[[ Records shown open ]]

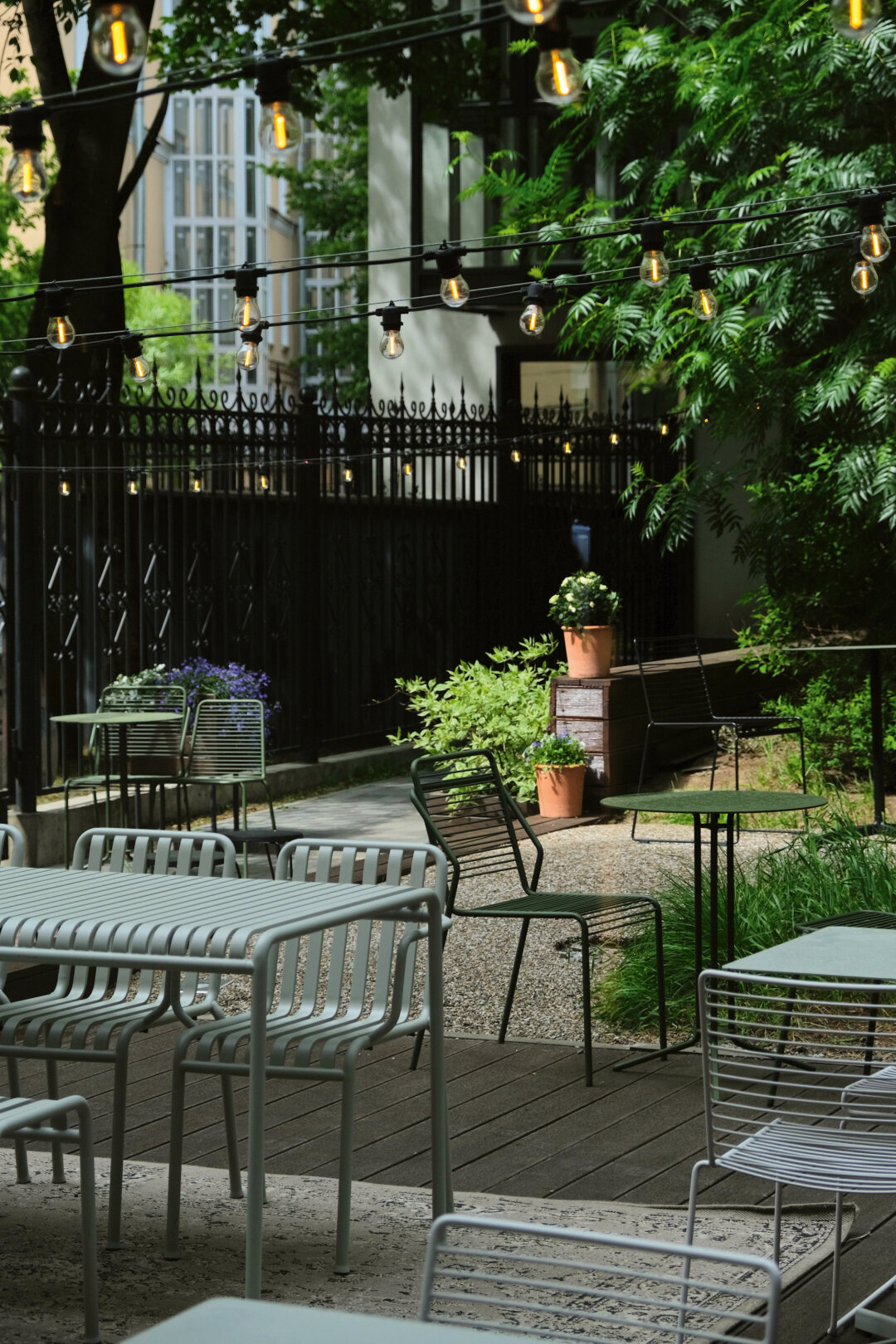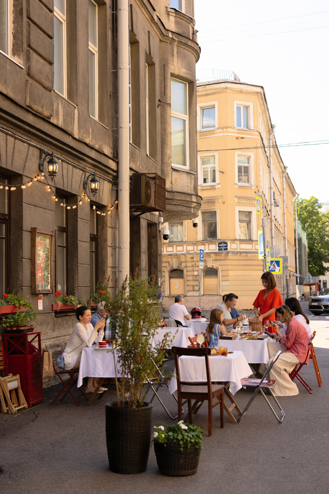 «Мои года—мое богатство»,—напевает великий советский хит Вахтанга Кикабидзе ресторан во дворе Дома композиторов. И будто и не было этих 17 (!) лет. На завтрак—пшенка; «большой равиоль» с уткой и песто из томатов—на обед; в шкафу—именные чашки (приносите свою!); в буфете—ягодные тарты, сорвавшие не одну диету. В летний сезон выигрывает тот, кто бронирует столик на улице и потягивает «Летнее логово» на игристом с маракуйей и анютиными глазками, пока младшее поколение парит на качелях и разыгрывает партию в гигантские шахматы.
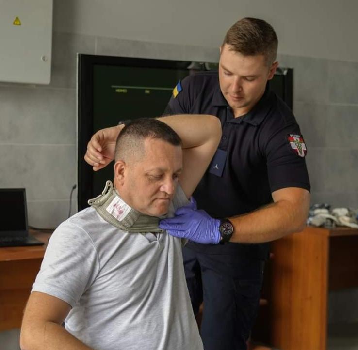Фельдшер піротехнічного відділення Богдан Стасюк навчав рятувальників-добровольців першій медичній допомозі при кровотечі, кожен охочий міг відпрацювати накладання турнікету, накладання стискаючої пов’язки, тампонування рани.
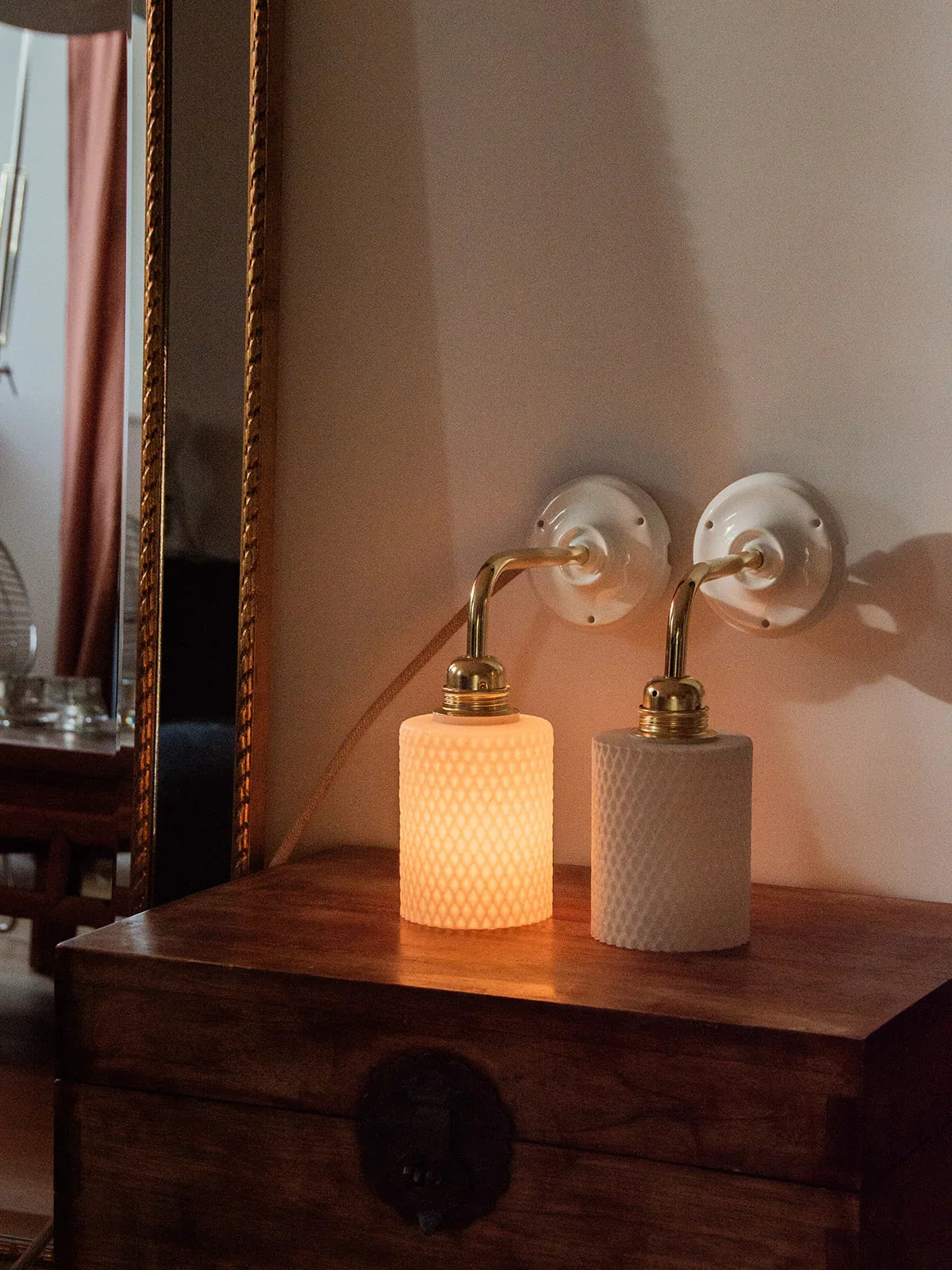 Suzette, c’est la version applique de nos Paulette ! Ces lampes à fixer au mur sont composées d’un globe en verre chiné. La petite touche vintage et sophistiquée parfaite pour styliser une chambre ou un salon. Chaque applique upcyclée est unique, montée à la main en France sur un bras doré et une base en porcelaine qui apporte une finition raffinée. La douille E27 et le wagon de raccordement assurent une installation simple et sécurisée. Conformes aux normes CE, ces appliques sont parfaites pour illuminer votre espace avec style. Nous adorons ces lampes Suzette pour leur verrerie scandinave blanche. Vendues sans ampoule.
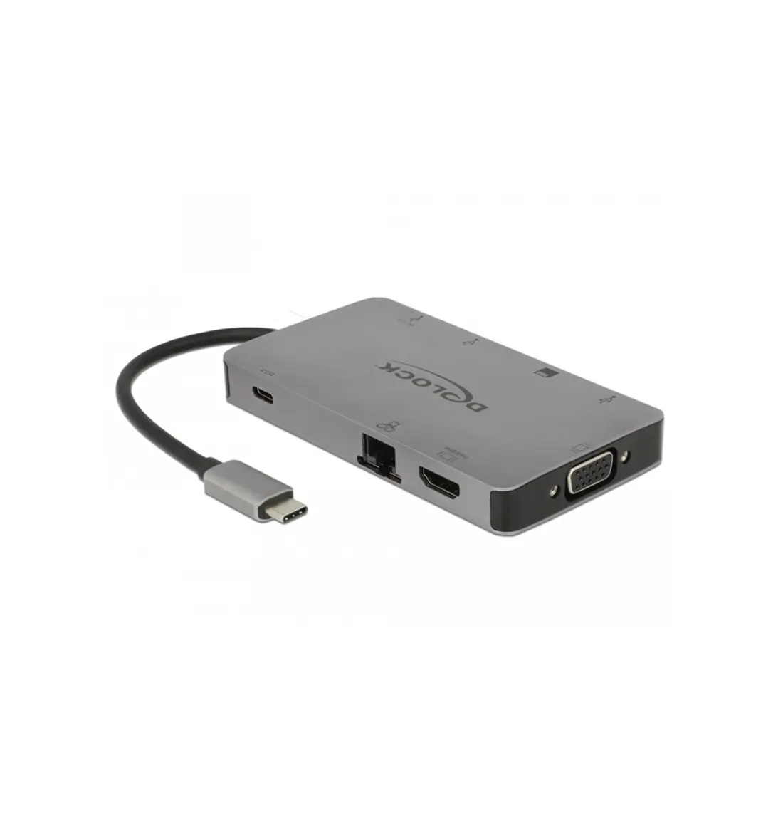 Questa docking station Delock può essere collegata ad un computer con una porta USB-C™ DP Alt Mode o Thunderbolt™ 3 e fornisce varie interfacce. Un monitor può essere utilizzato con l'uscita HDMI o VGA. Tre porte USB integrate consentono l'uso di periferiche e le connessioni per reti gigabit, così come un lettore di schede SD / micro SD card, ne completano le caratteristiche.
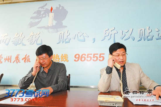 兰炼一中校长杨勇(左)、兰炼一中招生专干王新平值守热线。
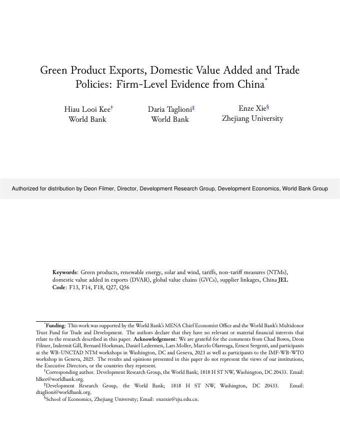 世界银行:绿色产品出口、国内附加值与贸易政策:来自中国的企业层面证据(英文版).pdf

[[ Records shown closed ]]

**Goal of the exercise**
Write out each line of the data exactly; the images should be left out.

**Finished exercise**
 «Мои года—мое богатство»,—напевает великий советский хит Вахтанга Кикабидзе ресторан во дворе Дома композиторов. И будто и не было этих 17 (!) лет. На завтрак—пшенка; «большой равиоль» с уткой и песто из томатов—на обед; в шкафу—именные чашки (приносите свою!); в буфете—ягодные тарты, сорвавшие не одну диету. В летний сезон выигрывает тот, кто бронирует столик на улице и потягивает «Летнее логово» на игристом с маракуйей и анютиными глазками, пока младшее поколение парит на качелях и разыгрывает партию в гигантские шахматы.
Фельдшер піротехнічного відділення Богдан Стасюк навчав рятувальників-добровольців першій медичній допомозі при кровотечі, кожен охочий міг відпрацювати накладання турнікету, накладання стискаючої пов’язки, тампонування рани.
 Suzette, c’est la version applique de nos Paulette ! Ces lampes à fixer au mur sont composées d’un globe en verre chiné. La petite touche vintage et sophistiquée parfaite pour styliser une chambre ou un salon. Chaque applique upcyclée est unique, montée à la main en France sur un bras doré et une base en porcelaine qui apporte une finition raffinée. La douille E27 et le wagon de raccordement assurent une installation simple et sécurisée. Conformes aux normes CE, ces appliques sont parfaites pour illuminer votre espace avec style. Nous adorons ces lampes Suzette pour leur verrerie scandinave blanche. Vendues sans ampoule.
 Questa docking station Delock può essere collegata ad un computer con una porta USB-C™ DP Alt Mode o Thunderbolt™ 3 e fornisce varie interfacce. Un monitor può essere utilizzato con l'uscita HDMI o VGA. Tre porte USB integrate consentono l'uso di periferiche e le connessioni per reti gigabit, così come un lettore di schede SD / micro SD card, ne completano le caratteristiche.
 兰炼一中校长杨勇(左)、兰炼一中招生专干王新平值守热线。
 世界银行:绿色产品出口、国内附加值与贸易政策:来自中国的企业层面证据(英文版).pdf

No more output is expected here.